Les commerces de Roosevelt Avenue se préparent pour la Coupe du monde en exposant des drapeaux, des maillots de football et des banderoles, le 9 juin 2026, dans le quartier du Queens à New York.

La Coupe du monde 2026 s’annonce comme la plus polluante de l’histoire. Pour Jérôme Latta, cofondateur des « Cahiers du football », c’est la continuité logique d’un sport livré à une quête de croissance sans limite.

Cofondateur des Cahiers du football et journaliste à Alternatives économiques, Jérôme Latta suit depuis vingt-cinq ans les dérives du football professionnel : son gigantisme, sa financiarisation, sa complicité avec des régimes autocratiques.

À la veille de la Coupe du monde 2026 aux États-Unis, au Mexique et au Canada, il analyse ce que révèle une compétition indifférente au climat, les raisons pour lesquelles la Fifa (Fédération internationale de football association) elle-même ne changera pas de cap, et pourquoi, malgré tout, il a encore envie de regarder.



Reporterre — La Coupe du monde 2026, avec 48 équipes et trois pays organisateurs, est-elle le pire Mondial de l’histoire sur le plan environnemental ?

Jérôme Latta — Si on regarde les estimations de bilan carbone des éditions précédentes et de celle-ci, oui, ce sera la pire. Cela tient essentiellement au fait que la compétition se déroule dans trois immenses pays, avec des distances considérables à parcourir, principalement en avion. Or, dans le bilan carbone des grands événements sportifs, ce sont les déplacements internationaux des spectateurs qui pèsent le plus lourd.

Contrairement au Qatar, qui avait construit huit stades, cette Coupe du monde ne nécessite pas de nouvelles infrastructures. Mais cet avantage ne compense pas l’impact du transport aérien. D’ailleurs, même au Qatar en 2022, malgré la proximité des stades, l’empreinte carbone des déplacements locaux était déjà mauvaise : beaucoup de supporters logeaient dans les pays voisins et faisaient l’aller-retour en avion dans la journée.


Comment expliquer cette fuite en avant, compétition après compétition ?

Le problème des grandes compétitions internationales de football, c’est leur course au gigantisme. L’Euro est passé de 16 à 24 équipes en 2016. La Coupe du monde passe cette année de 32 à 48, un saut considérable. La nouvelle formule de la Ligue des champions ajoute 64 matchs aux 125 de l’ancienne.

Cette logique est alimentée essentiellement par la quête d’une croissance économique sans limite.

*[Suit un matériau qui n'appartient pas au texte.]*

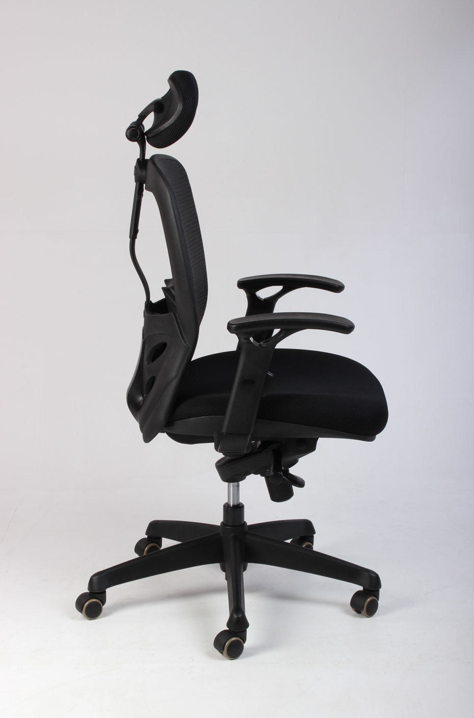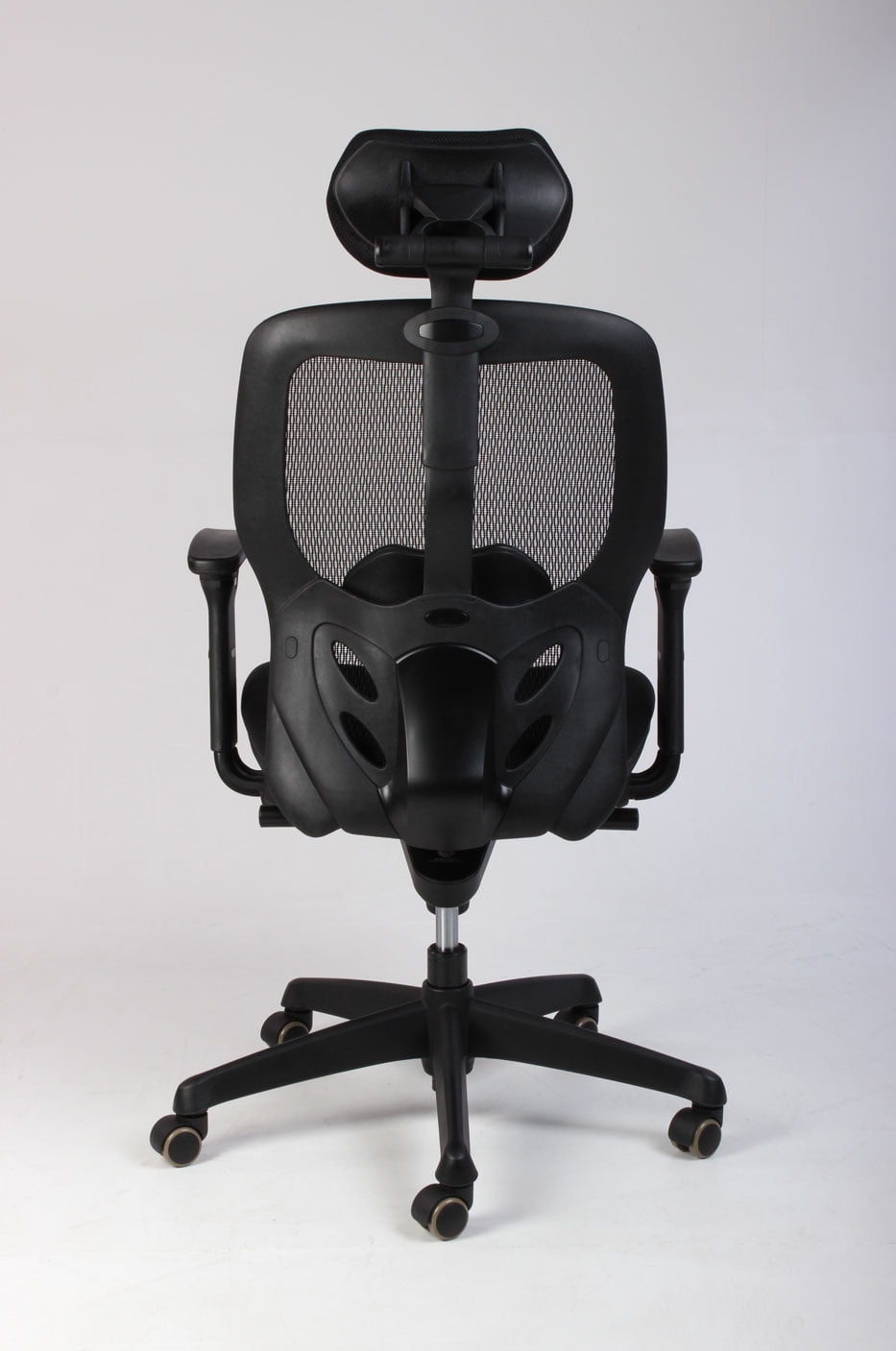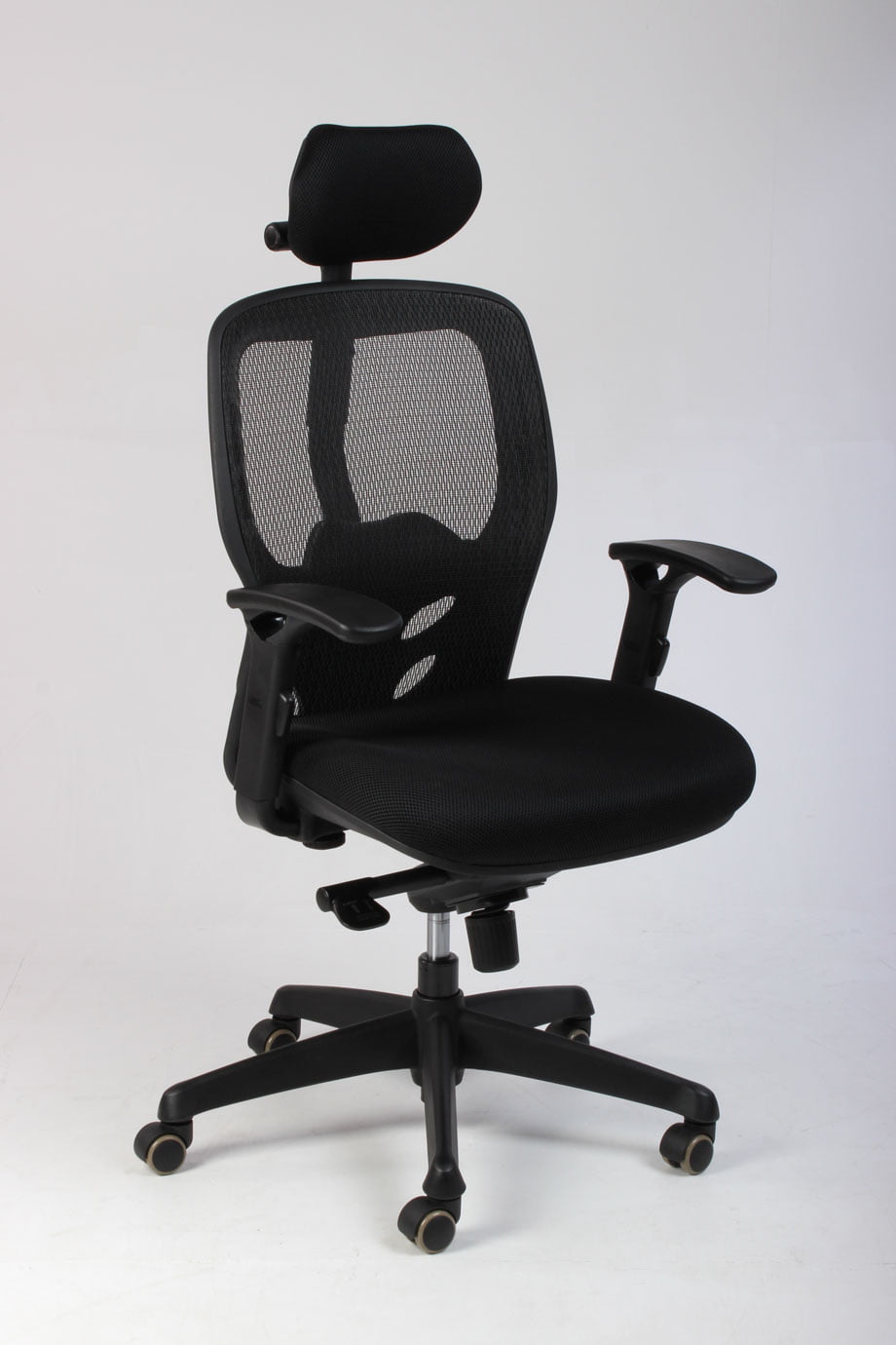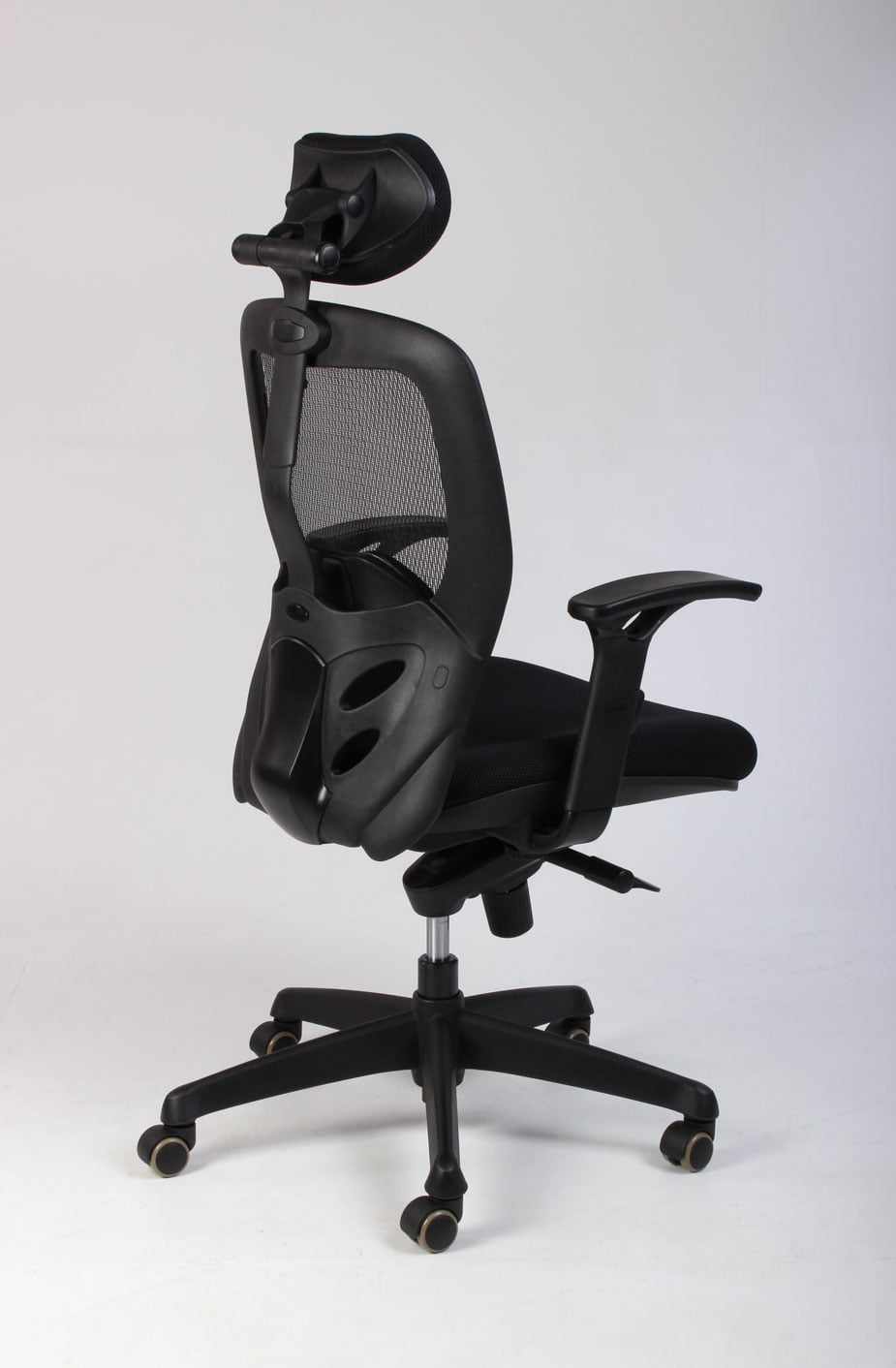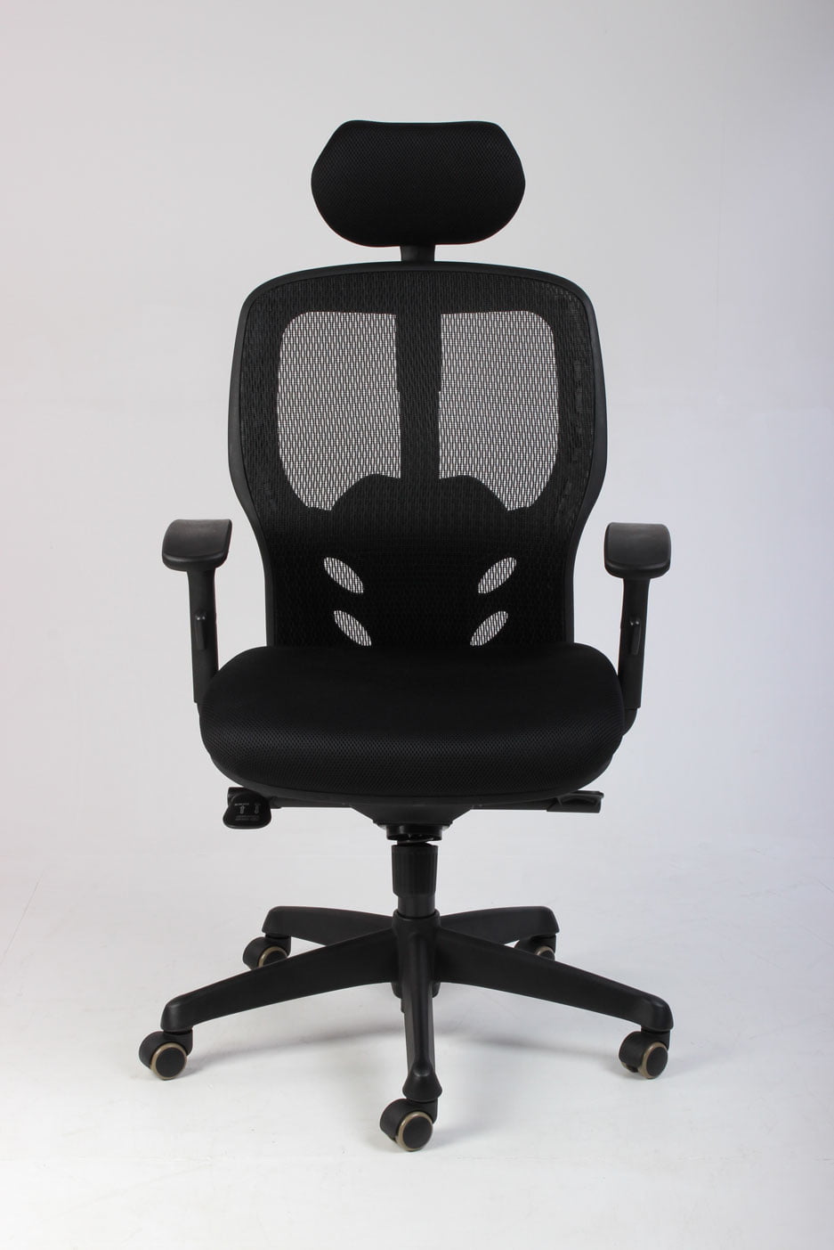 Både armlæn og nakkestøtte kan justeres i højde og vinkel, ligesom synkron-funktionen kan fastlåses i seks trin. Netryggen kan også indstilles, så der gives optimal støtte til lænden.
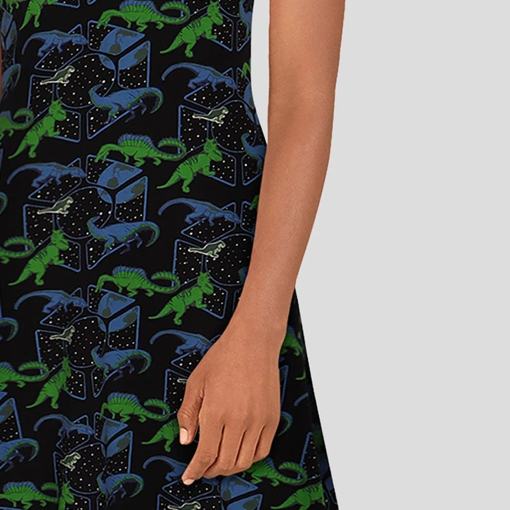Karen Nyberg, a mechanical engineer and retired NASA astronaut, spent 166 days on the International Space Station back in 2013. Nyberg wanted to create a keepsake for her son- who loves dinosaurs- so she crafted a stuffed dinosaur toy using fabric recycled from Russian food containers and then stuffed the little dinosaur with cut strips of cloth from one of her used t-shirts and hand-stitched it with the ivory thread. How amazing and creative is that? In addition to this inspiration, Karen Nyberg’s son, Jack, picked out 4 of his favorite dinosaurs which resulted in the creation of this space fashion collection. This fun design is our first-ever collaboration and we’re grateful that we get to share Karen Nyberg’s Astro dino-mite design with all of you!Â

Il s’agit toujours d’augmenter les revenus : ceux de l’Union des associations européennes de football (UEFA) pour l’Euro et la Ligue des champions, et de la Fifa pour la Coupe du monde. Justifié par un discours d’ouverture à de nouvelles nations et de redistribution des revenus pour « développer le football ». Mais tout ça étouffe in fine toute considération écologique.


Ce renoncement aux objectifs environnementaux vous semble-t-il assumé ?

C’est frappant. La Fifa avait fait du Mondial 2022 au Qatar un grand moment de greenwashing : elle avait prétendu que la compétition serait neutre en carbone, en s’appuyant sur des estimations biaisées, des crédits carbone douteux et des promesses finalement non tenues. Comme celle que plusieurs stades seraient démontés pour en limiter l’impact. Quatre ans après la compétition, ils sont intacts.

Pour cette édition-ci et les suivantes, il n’y a même plus de discours prétendument environnemental. Sur le site de la Fifa, les dernières publications sur les impacts environnementaux datent de trois ou quatre ans et sa propre « stratégie climat » est manifestement abandonnée.


Comment cet évènement s’est-il transformé en outil d’influence géopolitique, au détriment de toute considération écologique ?

L’exploitation géopolitique du sport n’est pas du tout nouvelle. On peut remonter aux JO de 1936, aux Coupes du monde de 1934 et 1938 que Mussolini avait instrumentalisées, à l’édition 1978 organisée pendant la junte argentine. Mais cette exploitation se fait aujourd’hui avec les armes modernes du soft power, les moyens illimités de pétro-États et la toute-puissance symbolique du football.

Ce que le Qatar a démontré en 2022, c’est l’efficacité redoutable de cette géopolitique par le sport. Le football exerce un tel pouvoir de fascination qu’il emporte toute autre considération. Malgré les contestations et les critiques, le bilan pour l’image du Qatar est extrêmement positif. Le Qatar a gagné sa Coupe du monde, si on veut le dire ainsi.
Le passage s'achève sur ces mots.